EXTRACTED MATERIAL:
- - -

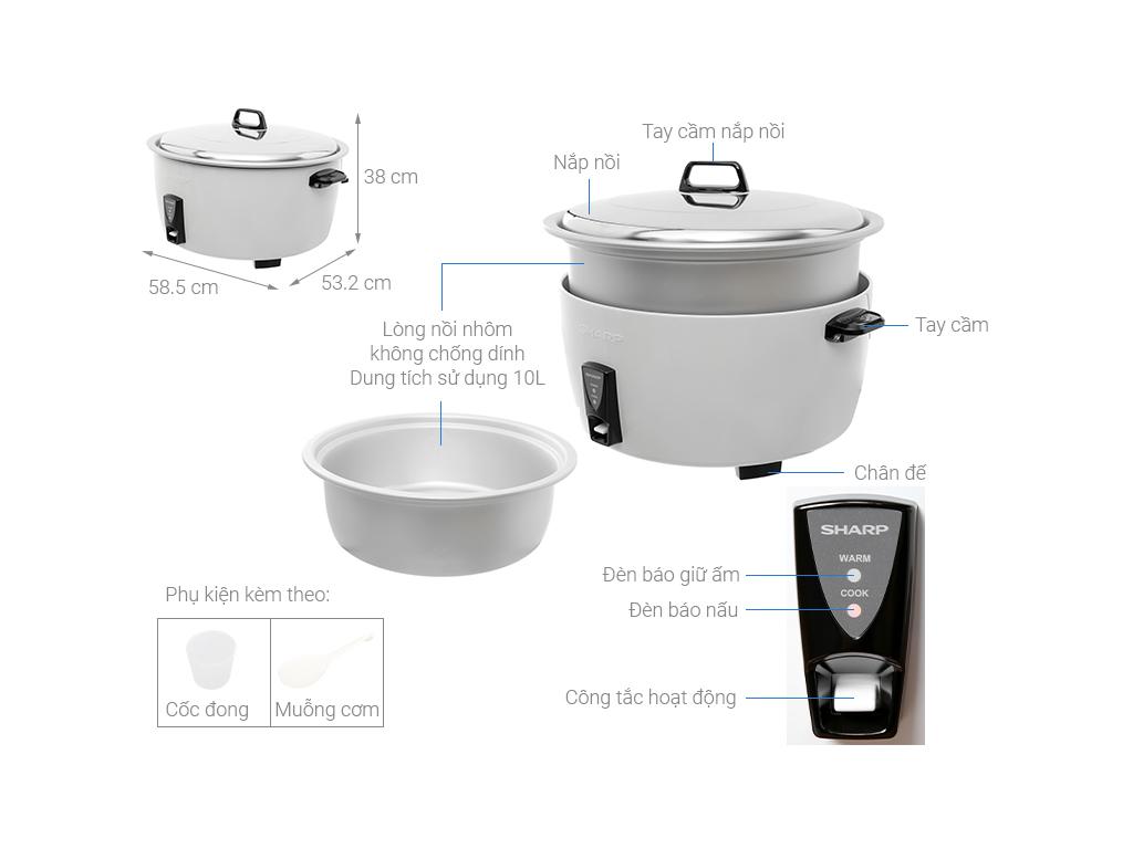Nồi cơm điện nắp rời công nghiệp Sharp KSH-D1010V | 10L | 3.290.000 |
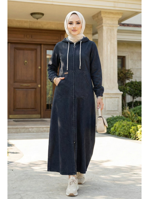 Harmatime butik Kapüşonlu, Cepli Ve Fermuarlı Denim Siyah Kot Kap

- - -

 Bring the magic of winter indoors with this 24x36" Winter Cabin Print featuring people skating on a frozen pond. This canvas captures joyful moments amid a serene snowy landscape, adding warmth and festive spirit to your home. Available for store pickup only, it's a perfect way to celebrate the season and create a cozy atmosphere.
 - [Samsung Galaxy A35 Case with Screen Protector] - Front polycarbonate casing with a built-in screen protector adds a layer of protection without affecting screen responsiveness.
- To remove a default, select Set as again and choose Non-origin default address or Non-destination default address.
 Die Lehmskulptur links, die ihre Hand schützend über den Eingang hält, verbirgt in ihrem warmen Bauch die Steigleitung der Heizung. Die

- - -

PROBLEM TO WORK ON: In the listing above, find the line containing "Nồi cơm điện" and the line containing "Harmatime butik Kapüşonlu, Cepli". Reproduce those lines and all between them exactly, with no pictures and nothing more.

SOLUTION TO THE PROBLEM:
Nồi cơm điện nắp rời công nghiệp Sharp KSH-D1010V | 10L | 3.290.000 |
 Harmatime butik Kapüşonlu, Cepli Ve Fermuarlı Denim Siyah Kot Kap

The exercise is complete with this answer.